The income tax expense differs from that expected by applying the combined federal and provincial income tax rate of 25.26% (2012 - 25.17%) to income before income taxes for the following reasons:

(Stated in thousands)
For the year ended December 31,
2013   2012  
Expected combined federal and provincial income tax $ (18,946 ) $ 14,639  
Statutory and other rate differences   (15,862 )   (18,489 )
Non-deductible expenses   6,898     5,719  
Stock-based compensation   2,045     2,439  
Translation of foreign subsidiaries   (85 )   59  
Adjustments related to prior years   (1,182 )   301  
Recognition of previously unrecognized tax losses   (1,675 )   -  
Changes to deferred income tax rates   517     19  
Capital and other foreign tax   (18 )   175  
Other   5     (38 )
  $ (28,303 ) $ 4,824  

The change in the combined Federal and Provincial statutory tax rate in Canada from 2012 to 2013 is due to an increase in the British Columbia provincial tax rate from 10% to 11% effective April 1, 2013.

Deferred Tax Balances

The components of the deferred tax asset and liability are as follows:

(Stated in thousands)        
For the year ended December 31, 2013   2012  
Deferred tax assets:        
Goodwill $ 35,507   $ 36,297  
Non-capital loss carry forwards   156,470     91,504  
Property, equipment and other assets   (73,077 )   (53,942 )
Other   3,845     2,443  
  $ 122,745   $ 76,302  
Deferred tax liabilities:            
Non-capital loss carry forwards $ -   $ 1,707  
Property, equipment and other assets   (38,902 )   (38,088 )
Partnership deferral   (41,031 )   (42,362 )
Other   (7,072 )   1,731  
  $ (87,005 ) $ (77,012 )

Included in the above tax pools are $428.4 million (2012 - $262.6 million) of gross non-capital losses that can be carried forward to reduce taxable income in future years. These losses are predominantly in the U.S. and expire between 2029 and 2033. Deferred tax assets are recognized only to the extent it is considered probable that those assets will be recoverable. This involves an assessment of when those deferred tax assets are likely to reverse, and a judgment as to whether or not there will be sufficient taxable profits available to offset the tax assets when they do reverse. This requires assumptions regarding future profitability and is therefore inherently uncertain.

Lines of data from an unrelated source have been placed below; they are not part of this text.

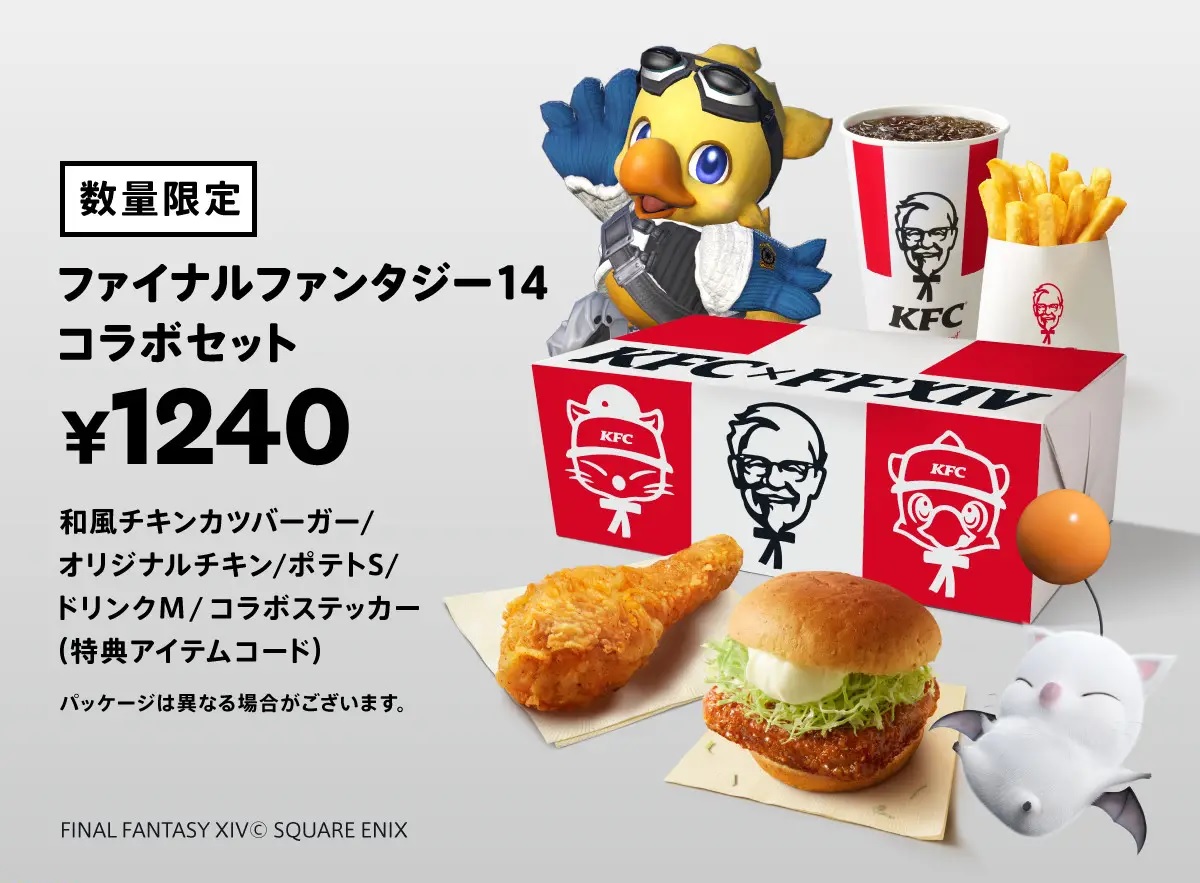 KFC与FF14的联动活动预计于10月4日正式启动,向日本全国范围内的KFC门店限量发售售价为1240日元(约合人民币79元)的《最终幻想14联动套餐》。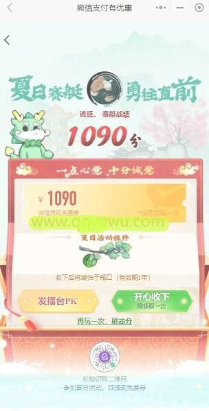 微信支付有优惠夏日赛艇领免费提现额度 最高6888元,按提示玩就行了,金额太小就点【再玩一次】只到满意的提现额度。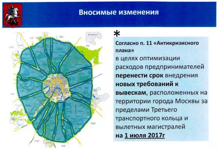 В феврале предприниматели попросили отсрочить обязательную замену вывесок на три года. Власти Москвы утвердили Антикризисный план, при этом снизив срок до одного года.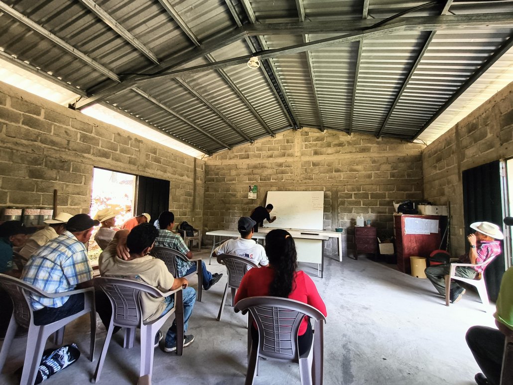 A intensidade de semana chega o fin, cunha saída de campo o venres a Moropocay. O camiño ata alí e toda unha aventura, pero vale a pena polo bonitas que son as vistas e o amable que é a xente alí. Esta vez fomos con Aminta e Onán a reunirnos con persoas do banco de sementes de varias comunidades. Tiñan que poñerse de acordo para delimitar un terreo que se vai a traballar cando remate a canícula e empece a época de choivas constantes outra vez. Traballar as leiras por “tareas” que é unha unidade de medida que utilizan alí.

Deferred tax liabilities of $5.6 million (2012 - $5.0 million) have not been recognized on the unremitted earnings of the Company's foreign subsidiaries to the extent that the Company is able to control the timing of the reversal of the temporary differences, and it is probable that the temporary differences would not reverse in the foreseeable future.

OPERATING SEGMENTS

The Company operates in Canada and the U.S. along with a number of international regions, which include Russia, Kazakhstan, Algeria, Australia, Saudi Arabia, Colombia and Norway. Each geographic region has a General Manager that is responsible for the operation and strategy of their region's business. Personnel working within the particular geographic region report to the General Manager; the General Manager reports to the Corporate Executive.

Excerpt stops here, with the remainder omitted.